On Tue, Oct 30, 2012 at 03:51:19PM +0100, Richard Biener wrote:
> +             FOR_EACH_IMM_USE_STMT (stmt, imm_iter, def)
> +               {
> +                 if (!gimple_debug_bind_p (stmt))
> +                   continue;
> +
> +                 FOR_EACH_IMM_USE_ON_STMT (use_p, imm_iter)
> +                   SET_USE (use_p, comp);
> +
> +                 if (!comp)
> +                   BREAK_FROM_IMM_USE_STMT (imm_iter);
> 
> how does comp magically become NULL_TREE here?

Looks like pasto to me, from the first loop.

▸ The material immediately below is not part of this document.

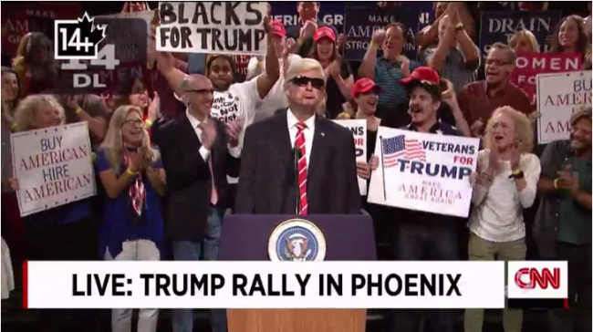 Alec Baldwin lampoons Donald Trump’s Phoenix rally on SNL Weekend UpdateBaldwin parodied Trump's attempt to deny and misrepresent his own public comments about Charlottesville, and mocked his relationship with Steve Bannon.EntertainmentAug 24, 2017
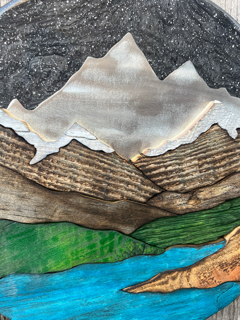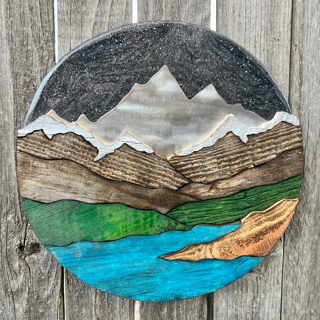 *Composed of: Epoxy resin, textured stainless steel, and many hand-cut pieces of beautiful reclaimed barnwood.

BTW, I'd also think that the first loop should set count = 2 if
the debug stmt already has a non-trivial expression (i.e. rhs isn't
just the SSA_NAME), to force a debug temp in that case to avoid creating too
large debug stmts.

> Btw, what's all the fuzz with IV candidates, etc?  At least for non-PHIs
> I don't see why the regular release_ssa_name way of doing things does
> not work.  IVOPTs is slow enough ...

Even if it is non-PHI, release_ssa_name will replace it with the definition,
and then on another release_ssa_name again and again, and finally either
be lucky enough that some SSA_NAME stays (is an IV that has been kept), but
more often you'll just reach the PHI node and end up with a long list of:
  DEBUG D#7 => NULL
  DEBUG D#6 => D#7
  DEBUG D#5 => D#6
  DEBUG D#4 => D#5
  DEBUG D#3 => D#4
  DEBUG D#2 => D#3
  DEBUG D#1 => D#2
(the NULL because of PHI).  We don't need to find optimal IV replacement,
so the code tries just a couple of them (perhaps the 64 should be a param,
and perhaps could be lower by default), it just helps if the expression is
smaller (smaller debug info), and if it contains as few SSA_NAMEs as
possible (then it is more likely it will actually be useful).